Amazon.com Review
The kids aren't alright, says Kay S. Hymowitz: Americans are doing a lousy job of raising their children. The next generation isn't being socialized properly, she elaborates, and the result is a country full of sexually active youngsters and exploding juvenile crime rates. "Until the middle of the twentieth century, it was considered an obvious fact that children are prone to cruelty, aggression, and boundless egotism and that a major purpose of their upbringing is to restrain and redirect those impulses," writes Hymowitz, a mother of three. Today, however, so-called experts have advanced "the idea that children are autonomous, independent individuals discovering their own reality." Perhaps this is natural in a country that values individualism, she says, but that doesn't mean adults--parents, teachers, and neighbors--should abandon their traditional roles as authority figures and moral guides. "The truth is, children are ignorant," says Hymowitz; they need adults to help them grow up.

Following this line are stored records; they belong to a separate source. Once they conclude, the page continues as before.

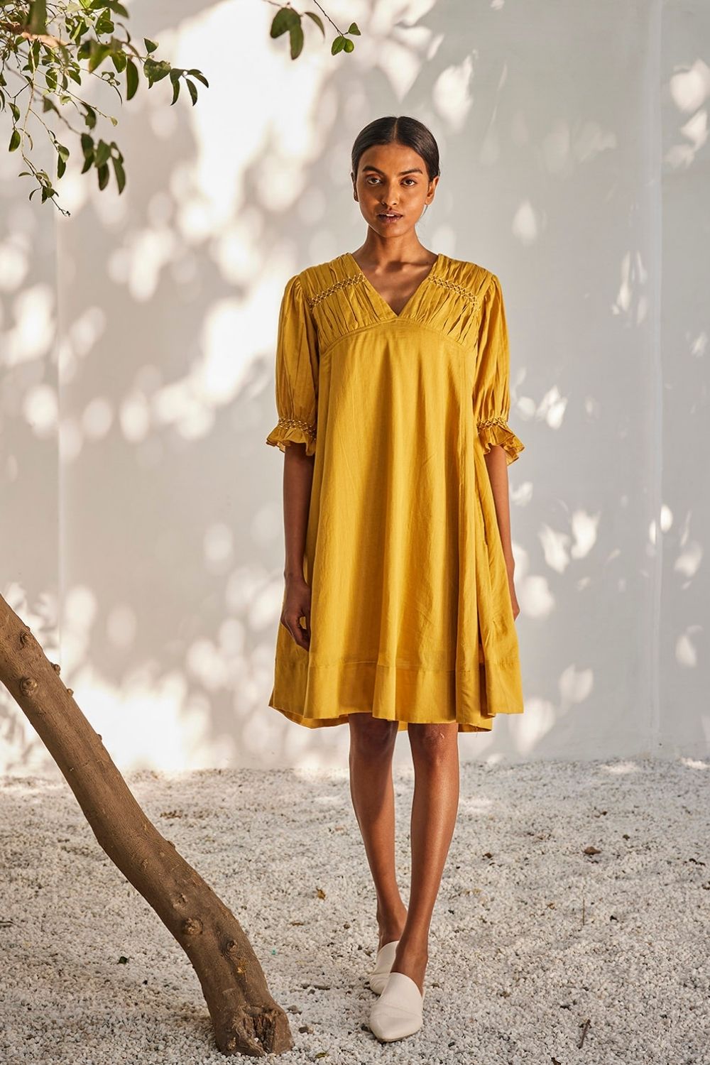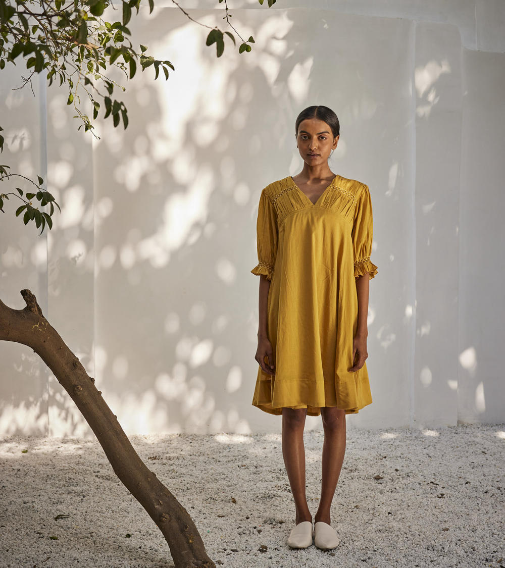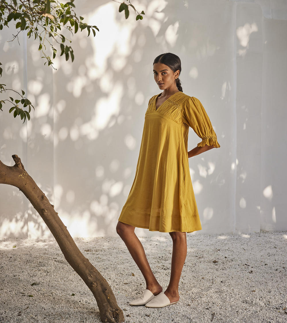A mustard yellow mulmul cotton dress with smocking at the front and the back yoke. The dress comes with puffy sleeves with smocking at the hem.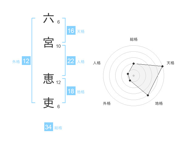 六宮 恵吏さんの天格は16画の5点!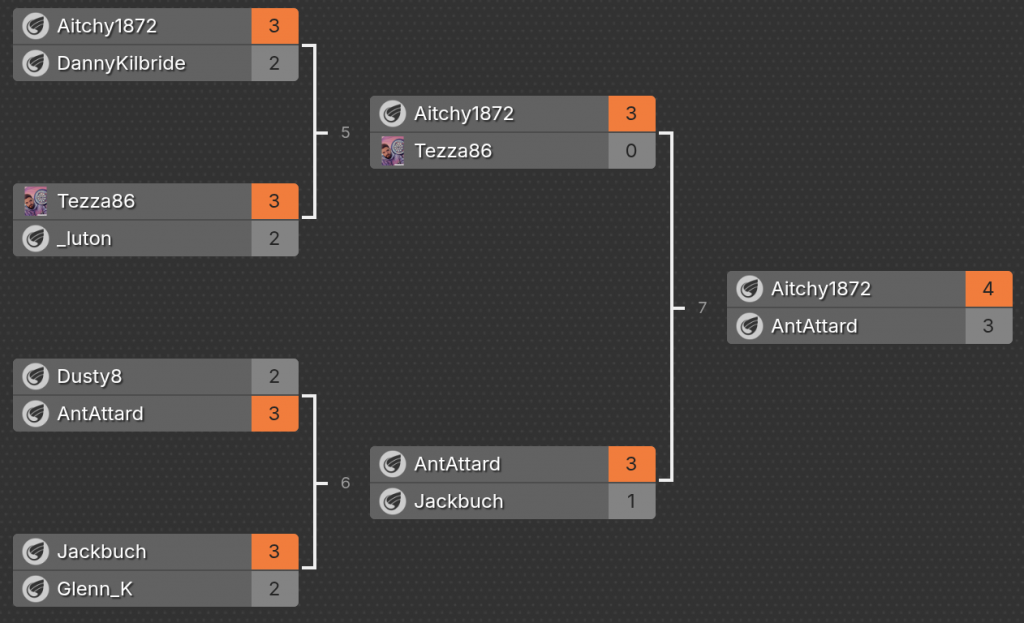 We saw 10 players in the under 55 average group, Aitchy1872 taking the winning spot with Antatard in runners up.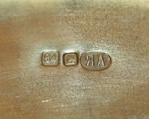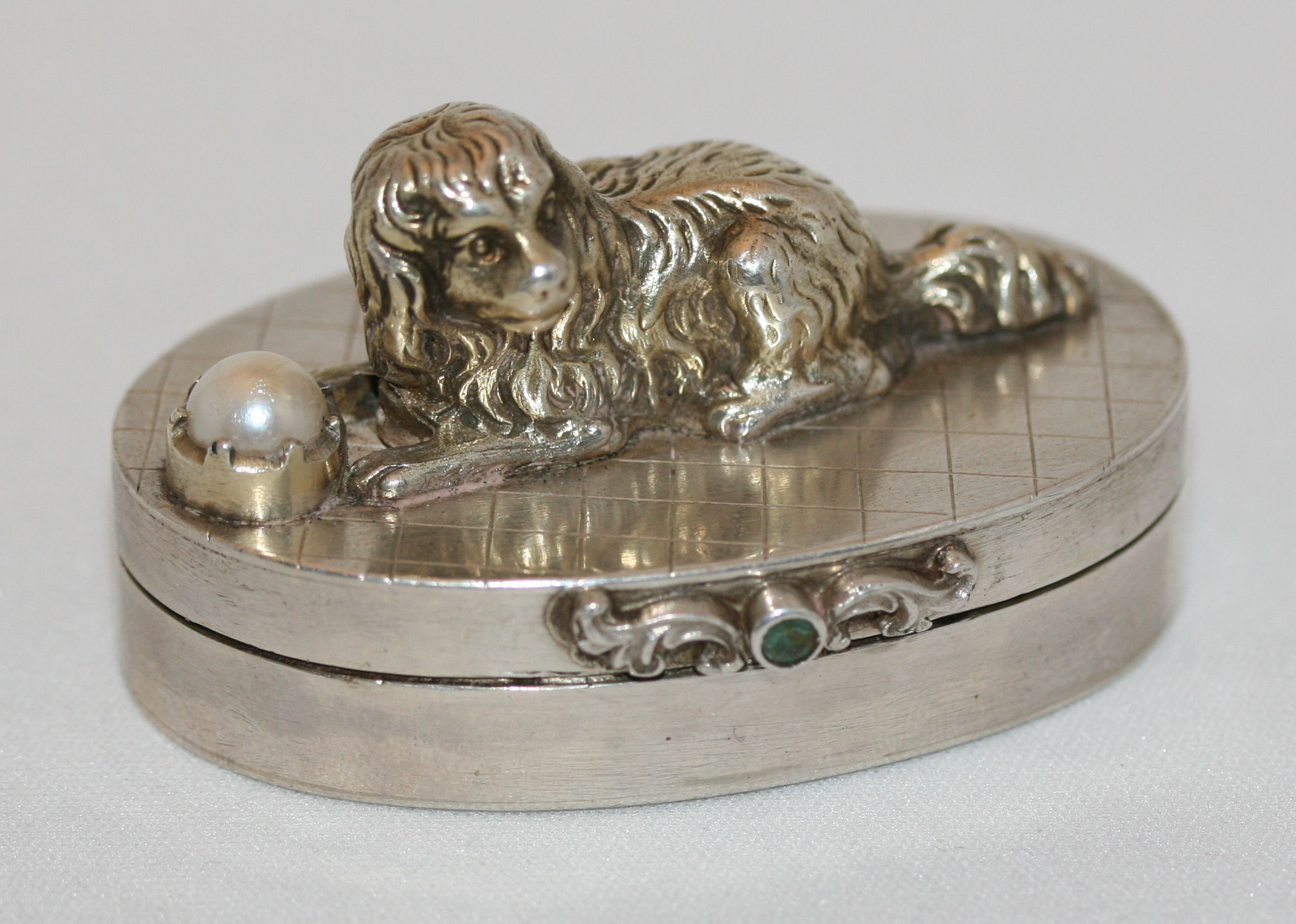 Moscow, modern first half 20th century, maker RA in cyrillic, of oval form the hinged cover with a cast dog with a pearl 'ball'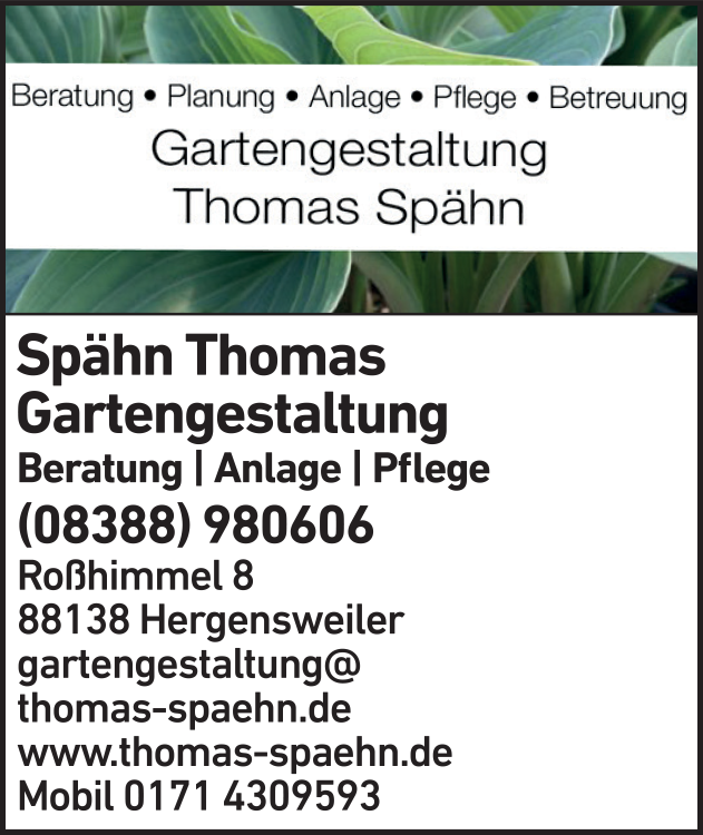 Die Adresse von Spähn Thomas Gartengestaltung lautet: Roßhimmel 8, 88138 Hergensweiler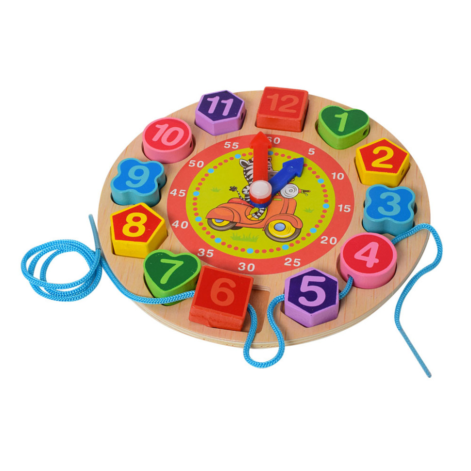 Яркие деревянные часы станут не только полезной игрушкой, которая тренирует пальчики, но и стильным аксессуаром для детской комнаты. Изготовлен из натурального дерева, он имеет приятный природный аромат и абсолютно безопасен для детей. Каждая фигурка имеет отверстия для шнуровки, поэтому детали циферблата превращаются в интересную шнуровку. С такой игрушкой обучение цифрам становится веселым и увлекательным!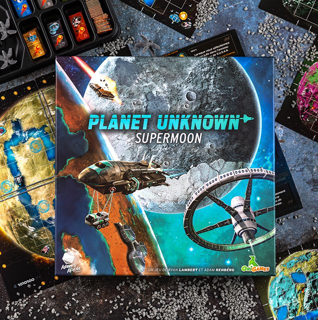 Supermoon est une extension du jeu Planet Unknown composée de 3 modules combinables ainsi que de nouvelles cartes à rajouter à vos parties. Le 1er module vous propose de terraformer une Lune sur laquelle vos tuiles pourront être placées au lieu de l’être sur votre Planète. Le Satellite en orbite autour pourra détruire toutes les Météorites dans sa ligne de mire. Le 2e module apporte de nouvelles tuiles et le 3e de nouveaux blocs terrains !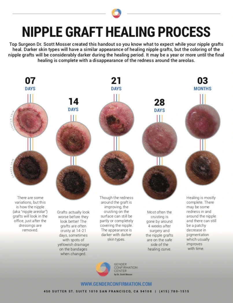 It can take up to a year or more until the final healing of nipple grafts is complete and the redness around the areolas has disappeared. When nipples heal it is normal for them to look worse before they look better, especially around 14-21 days after surgery. Our surgeons have created a visual breakdown of what most nipples look like from 7 days after top surgery all the way up to 3 months. For a printable version of the nipple healing process pictured below, click here.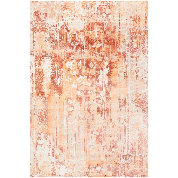 Mirage 6 ft. x 9 ft. Ivory/Rust Border Abstract Distressed Area Rug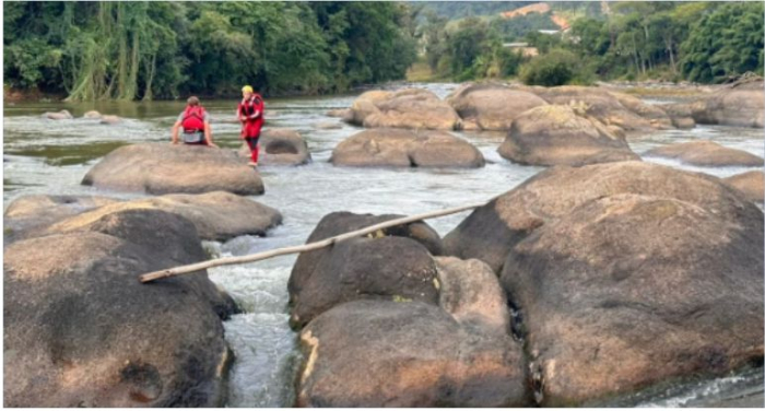 Foto: Corpo de Bombeiros/Divulgação Um homem de 37 anos entrou no rio para salvar um terneiro e foi surpreendido pelo aumento súbito das águas. A ocorrência foi registrada na tarde do último sábado, 17 de maio, em São Ludgero.
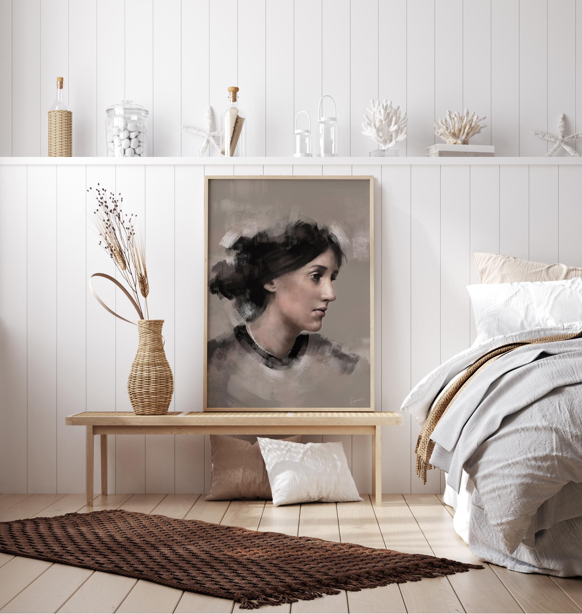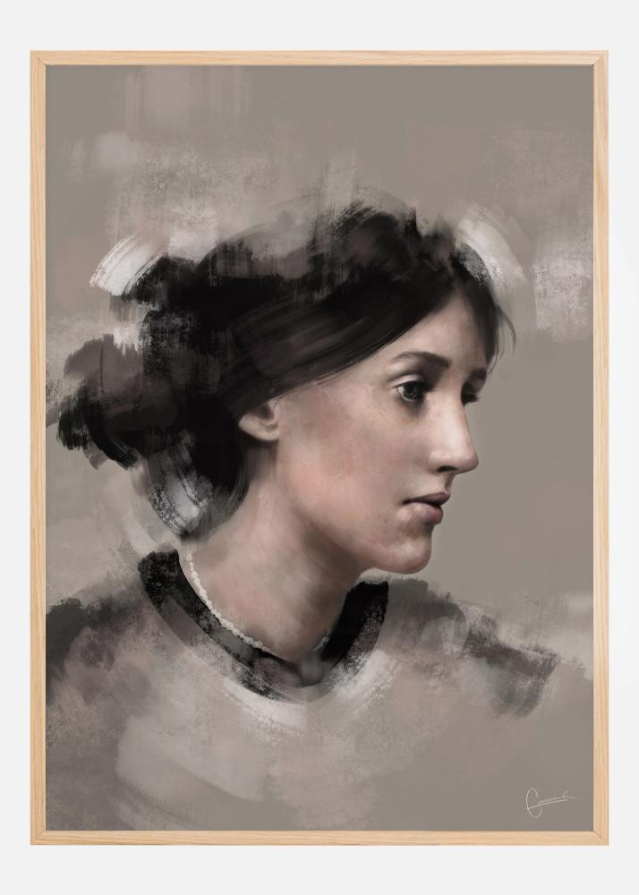 Egy portréposzter Virginia Woolf profiljával. A haja egyszerű, lágy színfoltok, de az arca részletesen van kidolgozva. A portré lágy és nőies, szinte melankolikus hangulatot kölcsönöz az arcának, amikor a távolba néz.

Ready or Not emphasizes the problem at the expense of suggesting solutions, but perhaps this is appropriate. There is a real freshness in the author's argument that won't be found elsewhere, but after reading her book, many will wonder how we could have missed the truth for so long.
--John J. Miller
From Publishers Weekly
Asking how we can raise morally responsible children while nurturing their individuality, Hymowitz critiques the radical individualism that seems to have subsumed concern for the common good, the narrow vocationalism of much education, a vulgar and sensationalized media and the insidious ways in which such natural childhood activities as play and exploration have been channeled toward enhanced cognition and academic achievement. The author, a Senior Fellow at the Manhattan Institute, advocates somewhat nostalgically for a return to the republican childhood of the 19th centuryA"a profound moral achievement"Athat she believes effectively socialized the young into life as active democratic citizens. In a clear and accessible style, Hymowitz draws on the work of educational and psychological theorists, as well as popular culture, to develop her arguments. Unfortunately, the book suffers from a number of conceptual weaknesses, including the notion of "anticulturalism" (the belief that today's youth are being raised outside the influence of culture) and that we can overcome anomie and nihilism by constructing and transmitting a "common culture" (whose culture this would be remains largely unaddressed). Those readers who believe that contemporary social problems can be solved with a renewed emphasis on old-fashioned family values, back-to-basics schooling and rejuvenated adult authority will find much in this book resonant. Those who question the viability of returning to a romanticized past will find the complex issues addressed here oversimplified and framed in rather tired ideological terms. (Oct.)